Helpless, we lay under the Jeep, holding hands and praying. It seemed as if hours passed, but maybe it was only minutes until we heard a sound. Voices approached, scuffling footsteps—and a tiny face suddenly appeared behind Rob’s head.

A puzzled little girl, younger than Angela, said, “You are not supposed to play under the car.” Then she stood.

Another pair of feet joined her, parallel to her tiny hiking books. “Dad, those big kids are playing under the car.”

“Go over by Mom and Lacey,” a man’s voice stated. “Right now.”

Rob loudly cleared his throat. “Sir, please,” he called. “Please. I apologize, but I need your help. Just dial this number.” Slowly, Rob recited his father’s cell phone, one digit at a time. “My dad will answer. He will tell you that everything I’m going to say is true. My friend and I are under this car for a good reason. We have Xeroderma Pigmentosum. XP. It’s a rare genetic—”

“Yes,” the pair of hiking boots interrupted. “My name is Marty Brent. We’re from Chicago. I’m here with my wife and kids. We’re cycling, and I seem to have found your son.” The man paused. The shoes shifted slightly from their shoulder-width stance. “Are you Rob Dorn?” he called down.

“Yes, I’m Rob and this is Alexis Kim. We can’t come out from under here.”

I stole a lightning fast peek, anyway. I saw the lady with the little girl and the baby, and the bikes, and the molded plastic helmets, and restraining devices with rounded aluminum tubes, and thick mesh straps, and the saddle bags and backpacks and bottles. I remembered that I used to think that parents were selfish when they did things like this: stuffing kids into snowsuits to go sledding, or bundling them up in life jackets to go rafting, or saddling them up on mountain bikes. I thought they did it just to prove that even though they had kids, they didn’t have to give up doing the things they loved.

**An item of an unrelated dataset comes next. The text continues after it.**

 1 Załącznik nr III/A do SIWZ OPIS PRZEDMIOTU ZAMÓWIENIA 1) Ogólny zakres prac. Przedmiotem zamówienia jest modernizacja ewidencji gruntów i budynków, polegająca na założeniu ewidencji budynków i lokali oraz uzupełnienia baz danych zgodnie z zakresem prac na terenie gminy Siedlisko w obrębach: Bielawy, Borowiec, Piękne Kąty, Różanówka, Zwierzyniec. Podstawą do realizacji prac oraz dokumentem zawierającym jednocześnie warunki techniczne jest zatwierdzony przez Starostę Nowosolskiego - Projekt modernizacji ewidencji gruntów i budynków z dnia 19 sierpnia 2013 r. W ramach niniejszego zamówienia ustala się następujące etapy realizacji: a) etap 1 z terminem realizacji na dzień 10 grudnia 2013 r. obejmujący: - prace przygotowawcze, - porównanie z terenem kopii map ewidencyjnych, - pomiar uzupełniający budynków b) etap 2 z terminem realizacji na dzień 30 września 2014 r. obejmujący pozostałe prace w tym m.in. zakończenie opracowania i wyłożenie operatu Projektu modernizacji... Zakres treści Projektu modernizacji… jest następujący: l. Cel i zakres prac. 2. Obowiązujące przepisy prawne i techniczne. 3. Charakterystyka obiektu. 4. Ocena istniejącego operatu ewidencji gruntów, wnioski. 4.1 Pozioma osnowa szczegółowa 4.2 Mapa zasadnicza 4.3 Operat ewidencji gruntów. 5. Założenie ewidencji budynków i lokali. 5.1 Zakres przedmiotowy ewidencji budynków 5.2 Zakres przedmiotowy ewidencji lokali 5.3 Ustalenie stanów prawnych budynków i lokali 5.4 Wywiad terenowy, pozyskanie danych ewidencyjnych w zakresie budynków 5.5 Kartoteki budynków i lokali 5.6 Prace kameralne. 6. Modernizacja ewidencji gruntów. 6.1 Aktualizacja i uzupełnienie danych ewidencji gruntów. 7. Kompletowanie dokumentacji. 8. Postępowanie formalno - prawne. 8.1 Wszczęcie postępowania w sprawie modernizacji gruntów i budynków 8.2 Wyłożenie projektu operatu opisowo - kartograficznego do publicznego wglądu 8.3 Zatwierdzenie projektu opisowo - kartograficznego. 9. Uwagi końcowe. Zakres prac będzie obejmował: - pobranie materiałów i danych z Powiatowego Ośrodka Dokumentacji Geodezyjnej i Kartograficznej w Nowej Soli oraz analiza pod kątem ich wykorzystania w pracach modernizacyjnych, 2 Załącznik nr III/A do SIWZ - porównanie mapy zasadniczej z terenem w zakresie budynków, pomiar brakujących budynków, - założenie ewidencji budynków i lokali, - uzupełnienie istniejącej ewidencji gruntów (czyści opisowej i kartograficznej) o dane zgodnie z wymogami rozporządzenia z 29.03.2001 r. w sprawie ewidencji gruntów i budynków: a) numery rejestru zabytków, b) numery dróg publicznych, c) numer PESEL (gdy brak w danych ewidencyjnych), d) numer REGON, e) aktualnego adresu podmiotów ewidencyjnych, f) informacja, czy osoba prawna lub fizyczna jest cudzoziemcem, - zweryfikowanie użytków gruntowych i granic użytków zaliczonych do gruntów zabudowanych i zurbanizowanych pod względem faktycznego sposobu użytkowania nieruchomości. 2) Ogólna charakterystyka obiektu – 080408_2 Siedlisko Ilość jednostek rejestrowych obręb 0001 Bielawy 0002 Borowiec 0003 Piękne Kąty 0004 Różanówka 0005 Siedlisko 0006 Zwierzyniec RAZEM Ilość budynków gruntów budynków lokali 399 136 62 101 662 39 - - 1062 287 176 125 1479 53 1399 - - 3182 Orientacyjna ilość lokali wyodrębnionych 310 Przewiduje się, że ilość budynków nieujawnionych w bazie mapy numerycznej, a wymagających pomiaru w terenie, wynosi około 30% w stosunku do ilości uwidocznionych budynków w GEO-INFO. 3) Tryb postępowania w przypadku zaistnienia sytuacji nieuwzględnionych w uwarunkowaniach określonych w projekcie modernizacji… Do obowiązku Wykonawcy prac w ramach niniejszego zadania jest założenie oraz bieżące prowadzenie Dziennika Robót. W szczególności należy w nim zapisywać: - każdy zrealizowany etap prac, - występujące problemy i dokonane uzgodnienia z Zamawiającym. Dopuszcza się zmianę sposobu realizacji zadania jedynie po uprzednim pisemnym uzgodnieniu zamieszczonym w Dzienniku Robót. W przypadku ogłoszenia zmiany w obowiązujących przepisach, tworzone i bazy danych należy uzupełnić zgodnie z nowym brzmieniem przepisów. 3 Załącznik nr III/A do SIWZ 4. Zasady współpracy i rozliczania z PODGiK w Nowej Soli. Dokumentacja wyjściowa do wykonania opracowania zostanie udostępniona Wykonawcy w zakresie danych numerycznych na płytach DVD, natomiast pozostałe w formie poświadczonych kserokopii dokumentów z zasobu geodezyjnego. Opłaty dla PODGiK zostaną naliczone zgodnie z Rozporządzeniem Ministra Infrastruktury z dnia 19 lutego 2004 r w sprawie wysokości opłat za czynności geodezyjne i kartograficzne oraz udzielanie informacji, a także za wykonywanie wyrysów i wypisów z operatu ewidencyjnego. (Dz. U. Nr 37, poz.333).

Maybe it takes actual sunlight (mixed in with a corresponding dose of panic) to have a true a-ha moment. But only then did I truly get Jack-Jack. Parents—the good ones, anyway, never did anything for themselves if their kids were involved—no matter how weird or unfathomable. Jack-Jack stayed up knitting even though all she wanted was to sleep; Dennis Dorn, Rob’s dad, collected NBA jackets for his son in every imaginable size and design; Tommy Sirocco kept Nothing Town safe in its Nothingness. But on top of that, they only wanted to be merchants of nostalgia, for their kids’ benefit. Right now, Marty from Chicago was lamenting this strange turn of events. He was happy to help us, but he was pissed. He wouldn’t be able to provide a fun experience his kids would look back on, even only in a photo, as a bright pin on the psychological map of devotion.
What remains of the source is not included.